## Problem
Exact repetition of a range: find the line containing "The Aquila 42" and the line containing "DescriptionHarley-Davidson barware set" in the material below, then repeat both and all lines between them, leaving pictures out.

## The input
◇ ◇ ◇ ◇
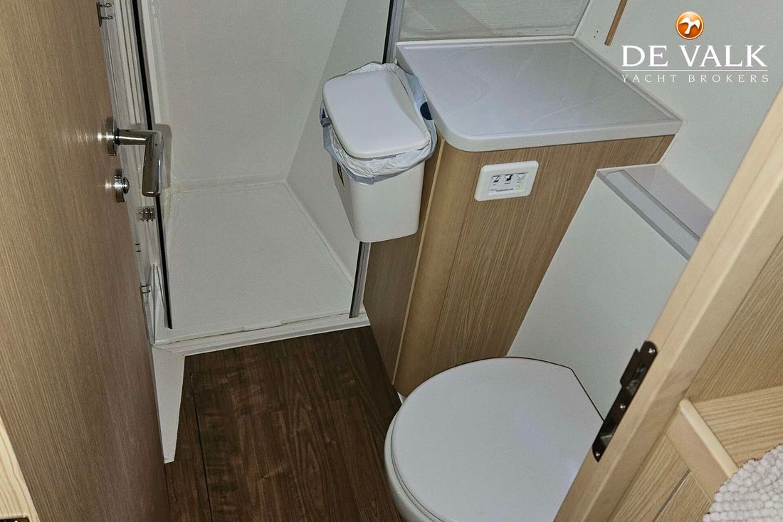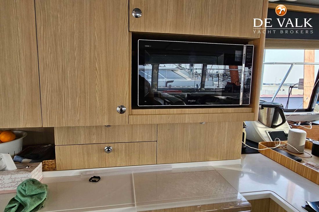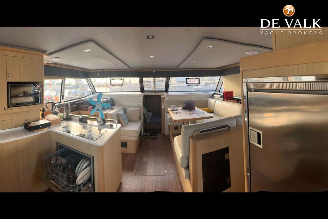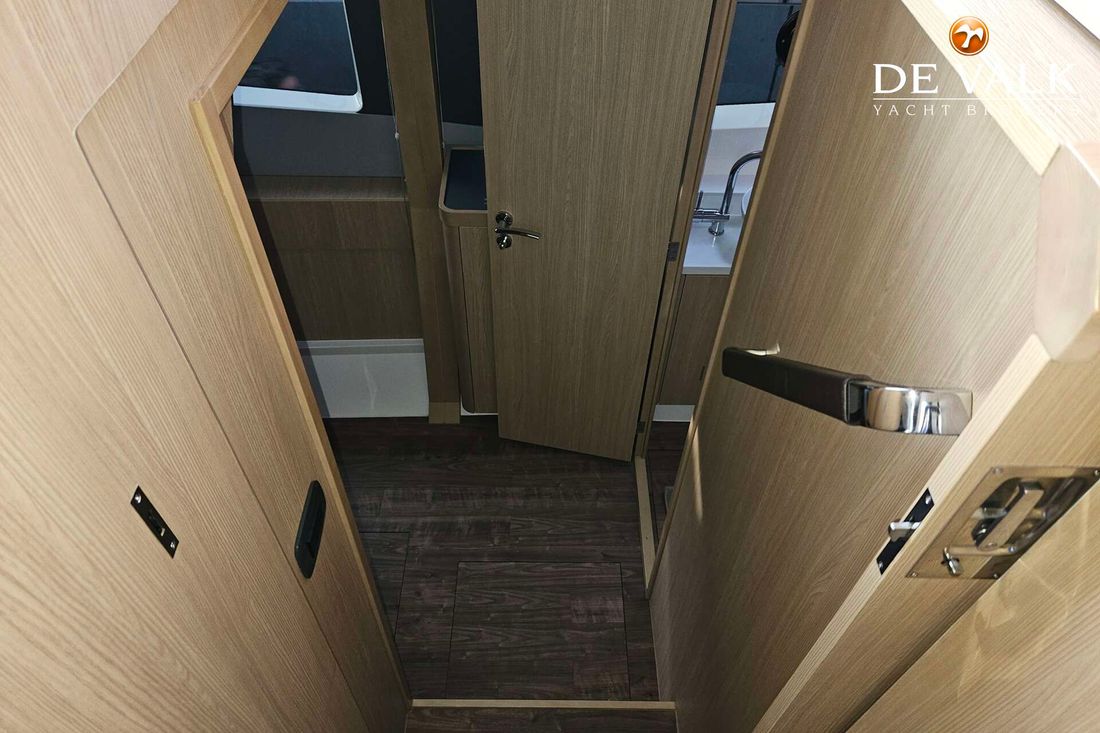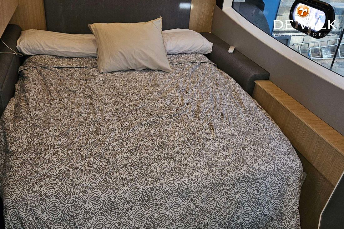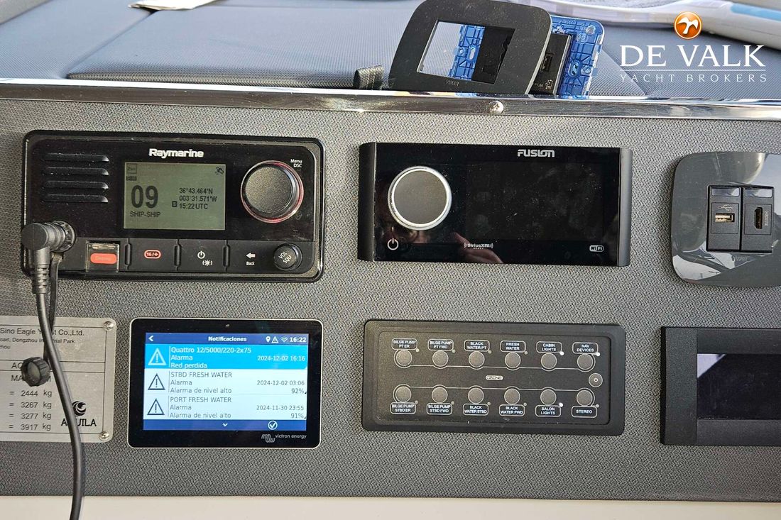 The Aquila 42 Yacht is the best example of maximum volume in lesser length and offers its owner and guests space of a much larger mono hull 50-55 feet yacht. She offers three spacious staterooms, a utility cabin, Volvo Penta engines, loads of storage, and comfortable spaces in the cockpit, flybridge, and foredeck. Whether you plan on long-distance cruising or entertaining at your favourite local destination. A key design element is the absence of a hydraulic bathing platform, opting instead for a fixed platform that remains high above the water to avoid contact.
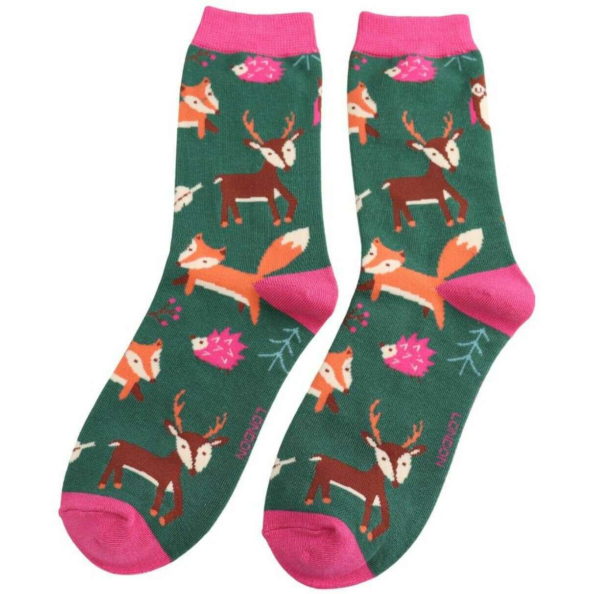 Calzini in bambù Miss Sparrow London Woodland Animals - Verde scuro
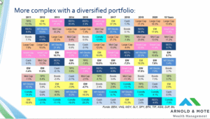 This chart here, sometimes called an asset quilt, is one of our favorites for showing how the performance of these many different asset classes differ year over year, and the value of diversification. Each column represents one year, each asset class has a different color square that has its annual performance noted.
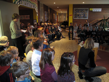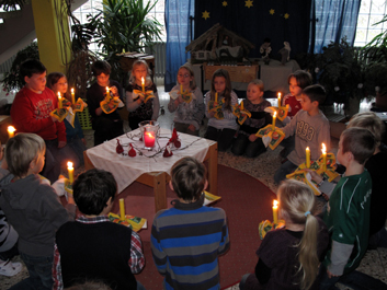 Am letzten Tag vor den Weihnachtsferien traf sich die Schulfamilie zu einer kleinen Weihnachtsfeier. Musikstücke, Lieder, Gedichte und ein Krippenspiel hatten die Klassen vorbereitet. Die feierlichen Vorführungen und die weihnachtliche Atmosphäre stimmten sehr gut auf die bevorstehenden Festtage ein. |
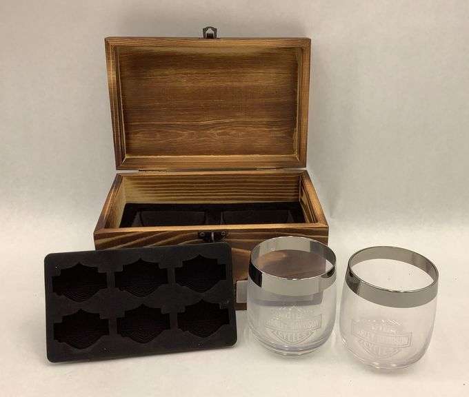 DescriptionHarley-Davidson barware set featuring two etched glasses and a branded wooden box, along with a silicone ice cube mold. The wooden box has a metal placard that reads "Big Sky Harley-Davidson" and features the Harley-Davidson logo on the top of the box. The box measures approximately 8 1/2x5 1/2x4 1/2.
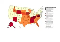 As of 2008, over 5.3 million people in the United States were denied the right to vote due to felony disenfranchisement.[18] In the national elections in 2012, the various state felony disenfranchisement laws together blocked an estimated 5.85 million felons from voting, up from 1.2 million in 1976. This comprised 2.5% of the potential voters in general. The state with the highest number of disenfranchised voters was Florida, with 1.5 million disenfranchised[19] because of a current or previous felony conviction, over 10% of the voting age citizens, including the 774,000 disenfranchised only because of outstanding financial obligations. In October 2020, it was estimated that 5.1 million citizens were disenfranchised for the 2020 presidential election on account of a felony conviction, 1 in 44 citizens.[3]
◇ ◇ ◇ ◇
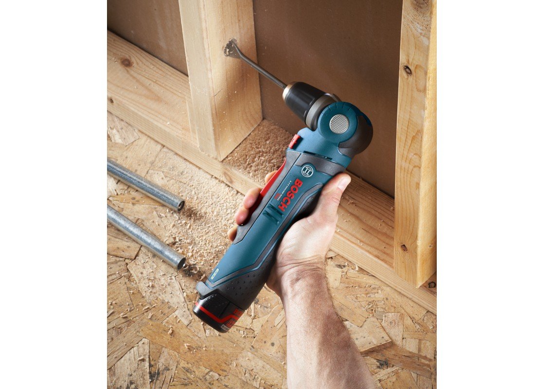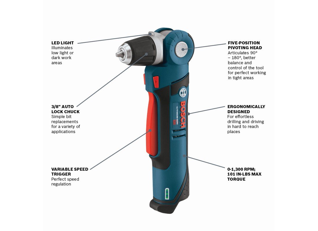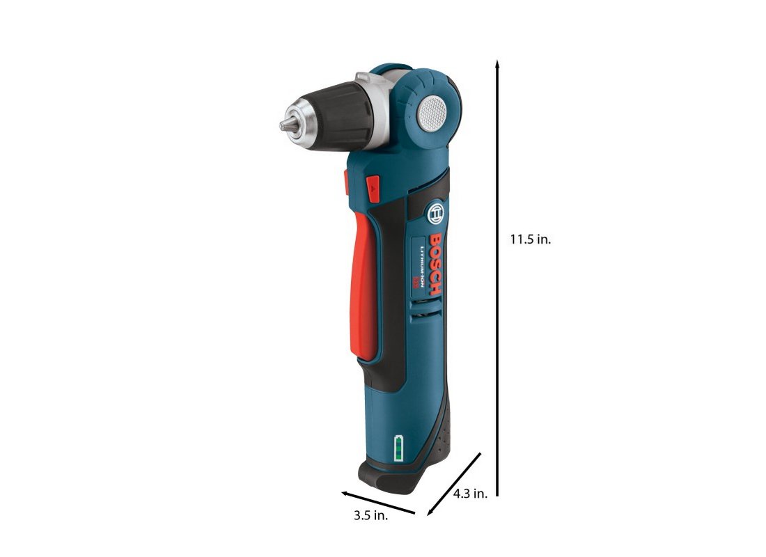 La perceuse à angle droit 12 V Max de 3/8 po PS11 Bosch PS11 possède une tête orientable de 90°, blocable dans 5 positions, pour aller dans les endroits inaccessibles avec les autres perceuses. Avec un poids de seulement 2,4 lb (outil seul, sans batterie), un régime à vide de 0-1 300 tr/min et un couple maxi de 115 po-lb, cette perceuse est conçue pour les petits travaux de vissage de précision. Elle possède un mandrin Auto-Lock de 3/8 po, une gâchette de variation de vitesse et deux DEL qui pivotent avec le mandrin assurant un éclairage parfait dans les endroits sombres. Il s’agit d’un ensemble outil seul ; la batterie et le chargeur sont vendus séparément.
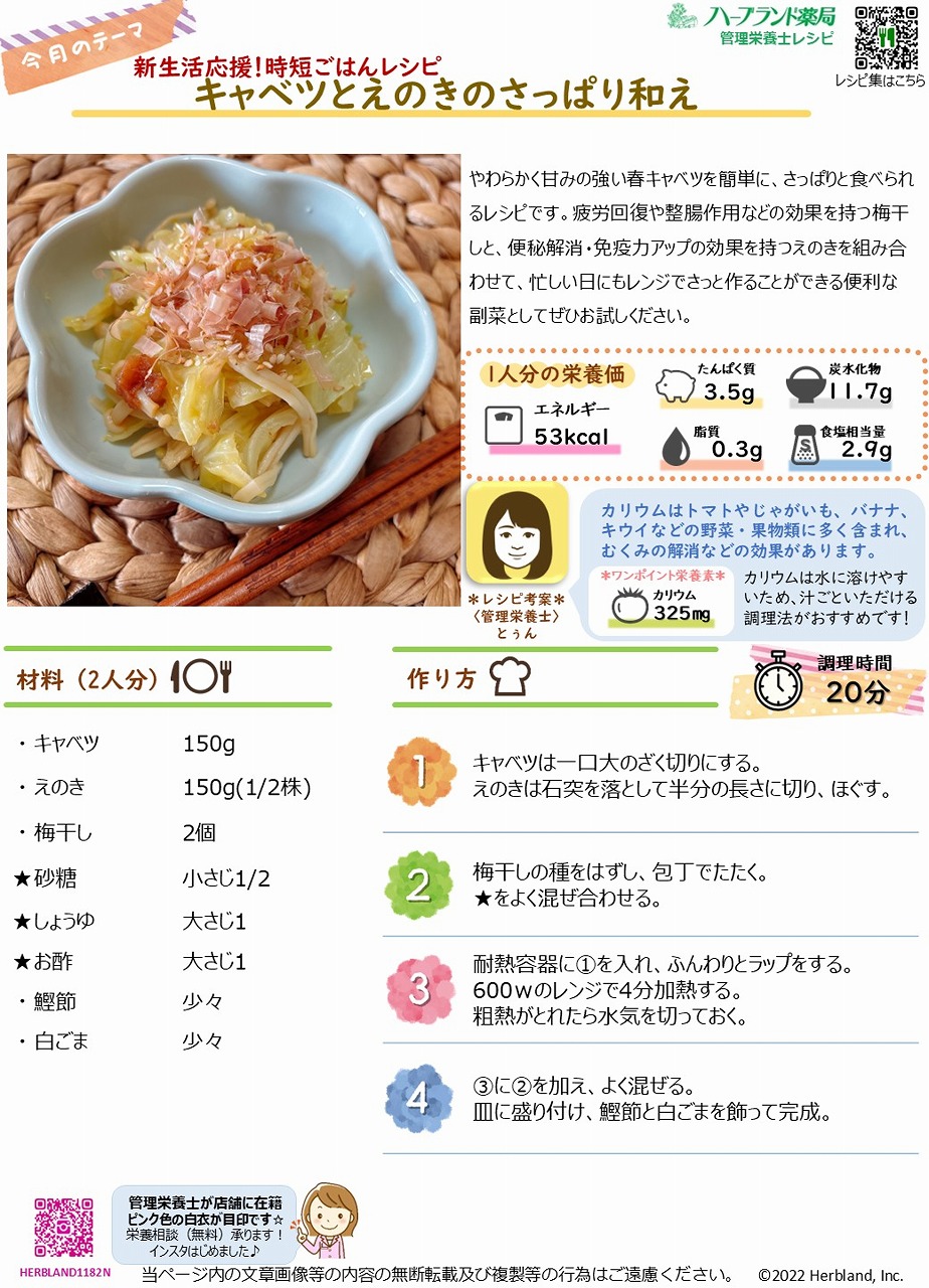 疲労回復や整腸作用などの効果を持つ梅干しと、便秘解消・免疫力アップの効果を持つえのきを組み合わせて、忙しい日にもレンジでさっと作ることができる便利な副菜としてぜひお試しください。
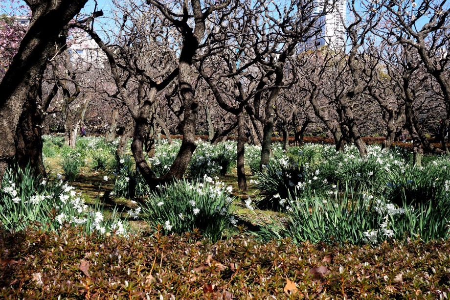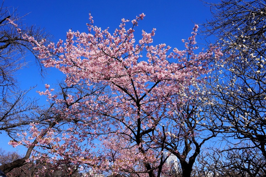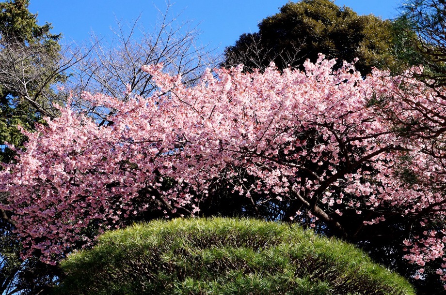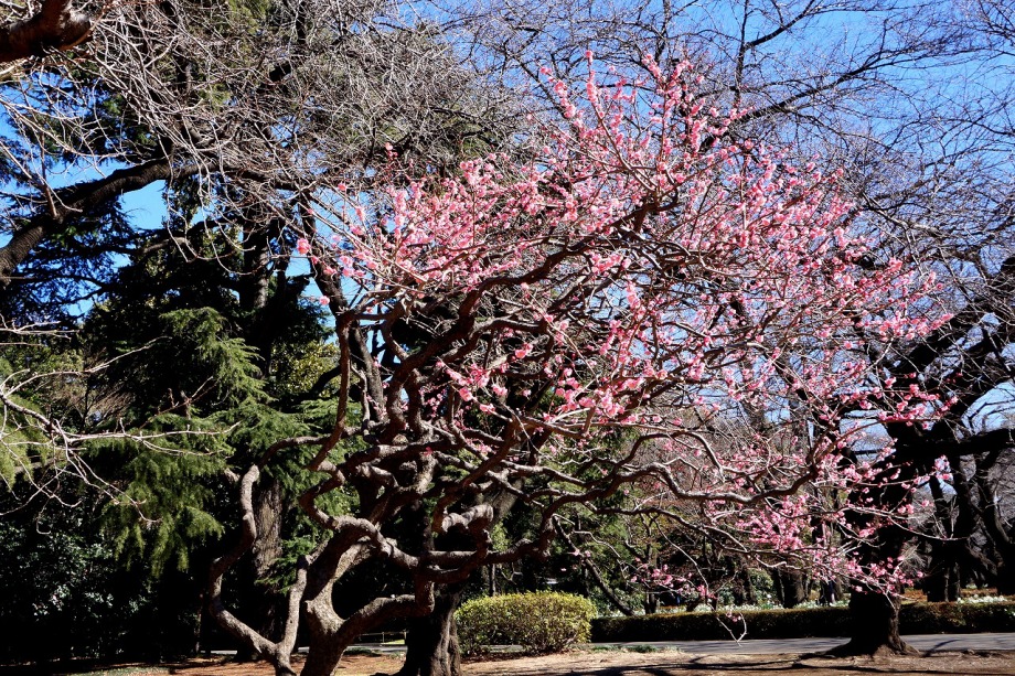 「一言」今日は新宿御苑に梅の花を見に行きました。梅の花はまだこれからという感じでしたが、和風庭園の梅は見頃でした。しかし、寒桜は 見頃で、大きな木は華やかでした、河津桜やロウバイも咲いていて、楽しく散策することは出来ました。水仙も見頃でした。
◇ ◇ ◇ ◇
## Reply
 The Aquila 42 Yacht is the best example of maximum volume in lesser length and offers its owner and guests space of a much larger mono hull 50-55 feet yacht. She offers three spacious staterooms, a utility cabin, Volvo Penta engines, loads of storage, and comfortable spaces in the cockpit, flybridge, and foredeck. Whether you plan on long-distance cruising or entertaining at your favourite local destination. A key design element is the absence of a hydraulic bathing platform, opting instead for a fixed platform that remains high above the water to avoid contact.
 Calzini in bambù Miss Sparrow London Woodland Animals - Verde scuro
 This chart here, sometimes called an asset quilt, is one of our favorites for showing how the performance of these many different asset classes differ year over year, and the value of diversification. Each column represents one year, each asset class has a different color square that has its annual performance noted.
 Am letzten Tag vor den Weihnachtsferien traf sich die Schulfamilie zu einer kleinen Weihnachtsfeier. Musikstücke, Lieder, Gedichte und ein Krippenspiel hatten die Klassen vorbereitet. Die feierlichen Vorführungen und die weihnachtliche Atmosphäre stimmten sehr gut auf die bevorstehenden Festtage ein. |
 DescriptionHarley-Davidson barware set featuring two etched glasses and a branded wooden box, along with a silicone ice cube mold. The wooden box has a metal placard that reads "Big Sky Harley-Davidson" and features the Harley-Davidson logo on the top of the box. The box measures approximately 8 1/2x5 1/2x4 1/2.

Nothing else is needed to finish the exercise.